4. Be careful about claiming “ESG” equals “sustainable”
We still can’t seem to make up our mind if ESG scores represent sustainability performance or sustainability risks. Sometimes communications related to the data contradict themselves in one document. As long as this uncertainty persists, claiming funds that use ESG scores in their strategy are more sustainable is likely to be problematic. Reducing ESG risks is just not the same as being more sustainable. At the very least, reducing ESG risks is not the same as seeking more sustainable outcomes. A fund that markets sustainability characteristics when its strategy focuses on ESG risk data inputs should be clear about the distinction and ensure clarity from their data provider.

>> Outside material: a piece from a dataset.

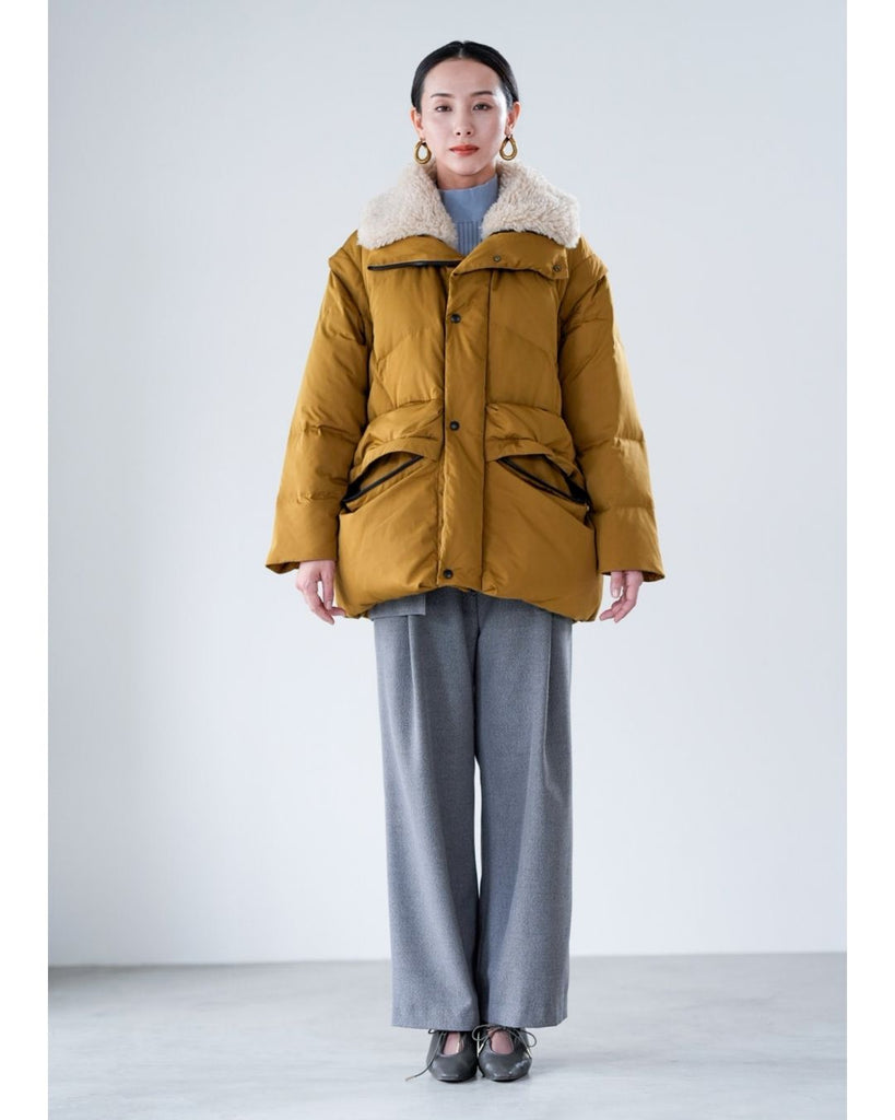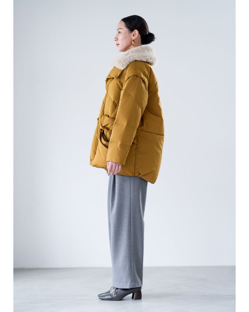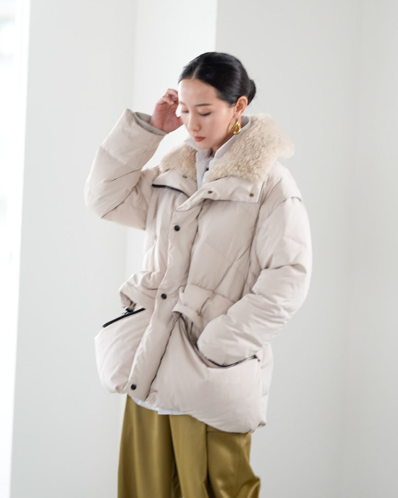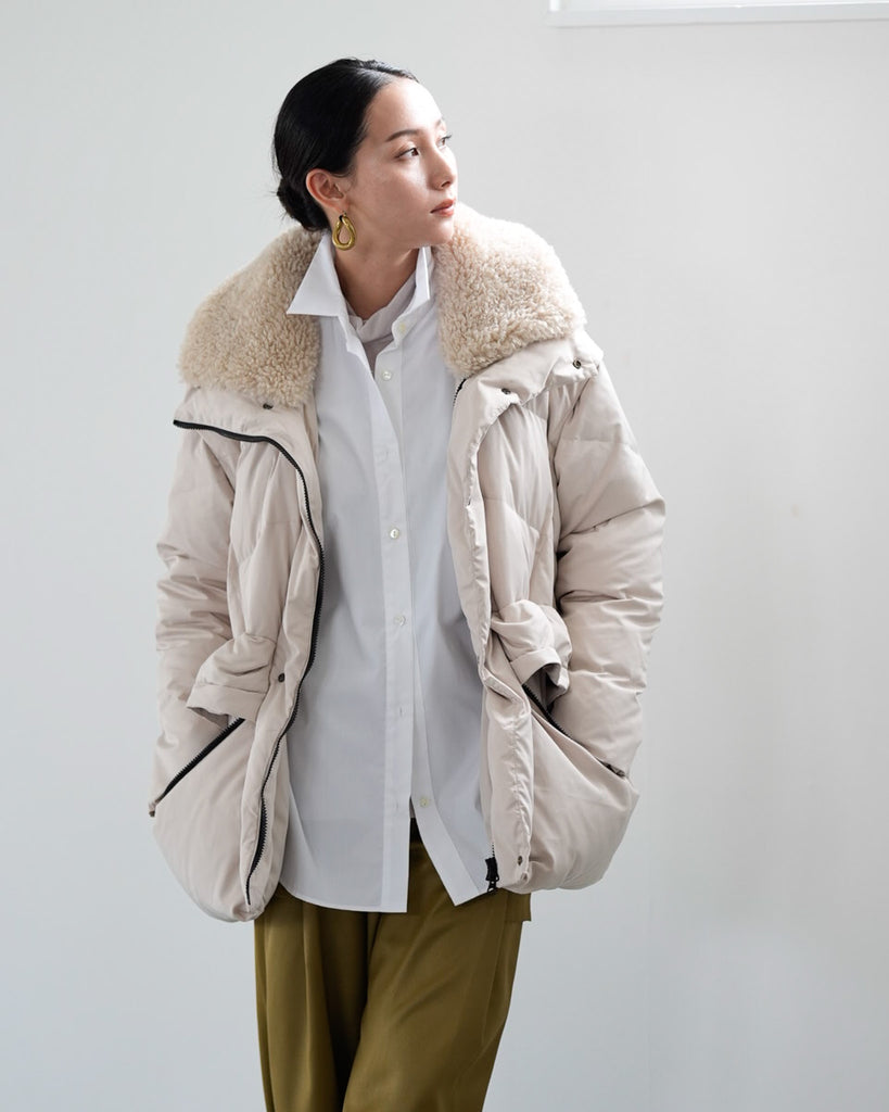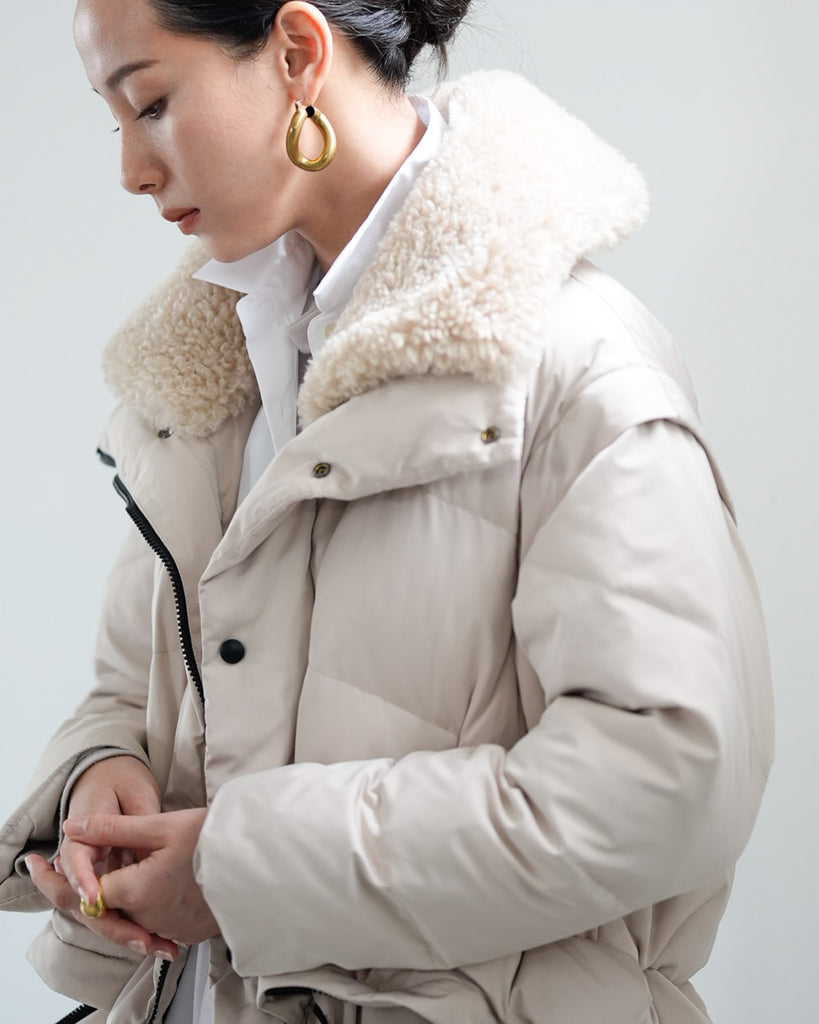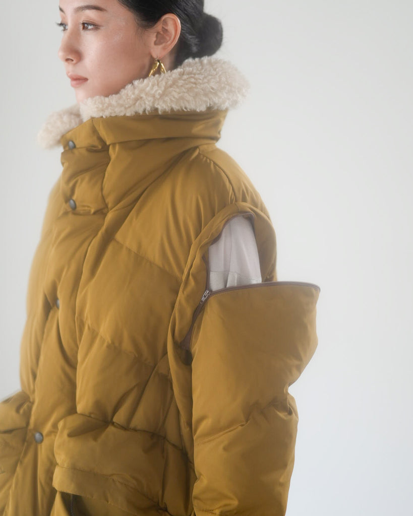 アームホールのファスナーで袖をセパレートできる2wayダウンジャケット。リアルダウンで防寒性はもちろん、モードなデザインでファッション性も高いラリアムーのダウンです。衿のムートン風エコファーは取り外し可能で、顔まわりに華やかさとあたたかさをもたらします。身頃は程よいハリ感のダウン量に調整し、肩やアーム周りのダウン量を少なくすることで気になる着膨れに配慮しました。(ダウンパック入)ポケット口のファスナーは開けて着用することもでき、スタイリッシュなムードを作ってくれます。腰がしっかり隠れる着丈で真冬も安心して着用できます。
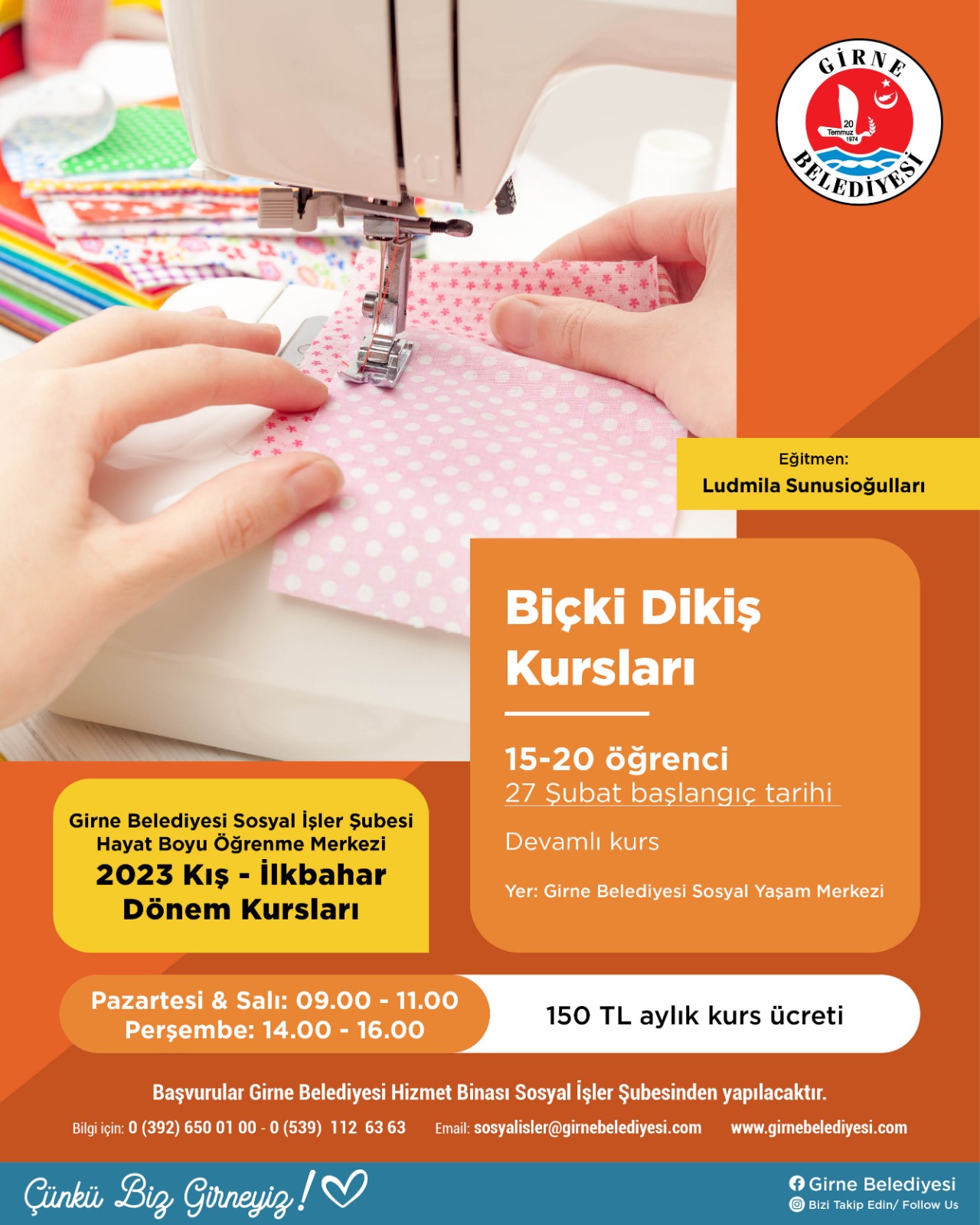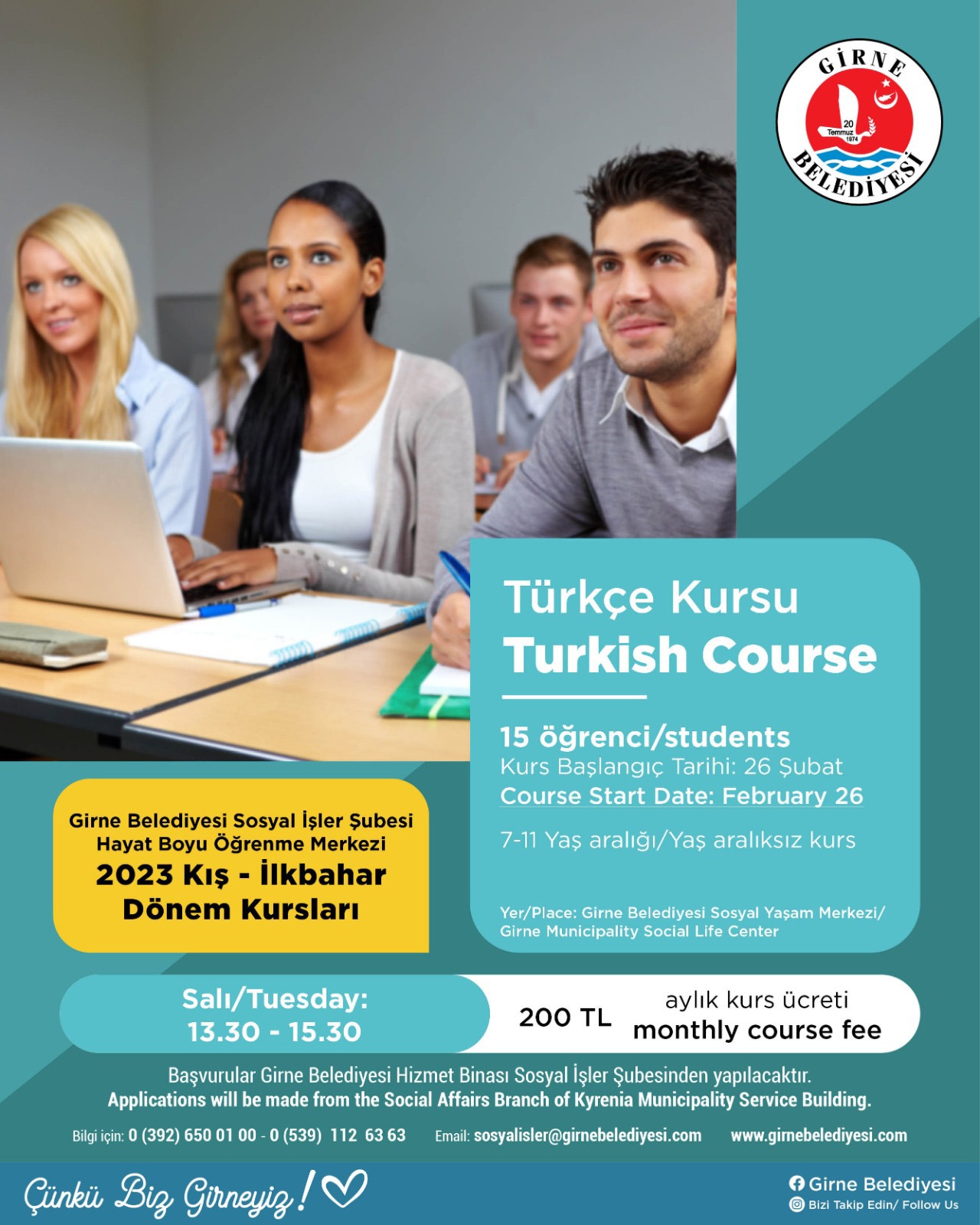 Lefkoşa, 3 Şubat 23 (TAK): Girne Belediyesi Sosyal İşler Şubesi Hayat Boyu Öğrenme Merkezi, 2023 Kış-İlkbahar Dönemi Kursları çerçevesinde 7 farklı kurs başlatıyor.

5. Cut down on the ambiguous language
This is probably the least convincing step since it is very unlikely ever to cause headaches in terms of regulatory intervention, but ambiguous language is technically not consistent with the guidance from the Multi-Stakeholder Dialogue on Environmental Claims. Claims like “Invest and save the planet” are problematic both because they are ambiguous, and because they promise investment outcomes that the investor can’t necessarily keep. Again, this might seem like nit-picking, but think about the equivalent in financial returns. Regulators would be up in arms in minutes if an asset manager made a claim that said “Invest in our fund and get guaranteed 20% returns”. But promising to ‘save the planet’ or ‘reduce climate change’ are promises that an individual investment in a liquid fund may not be able to keep. And that is perfectly fine – the same is true for financial returns – but in one case, disclaimers abound about financial performance. In the other case, those disclaimers are largely missing.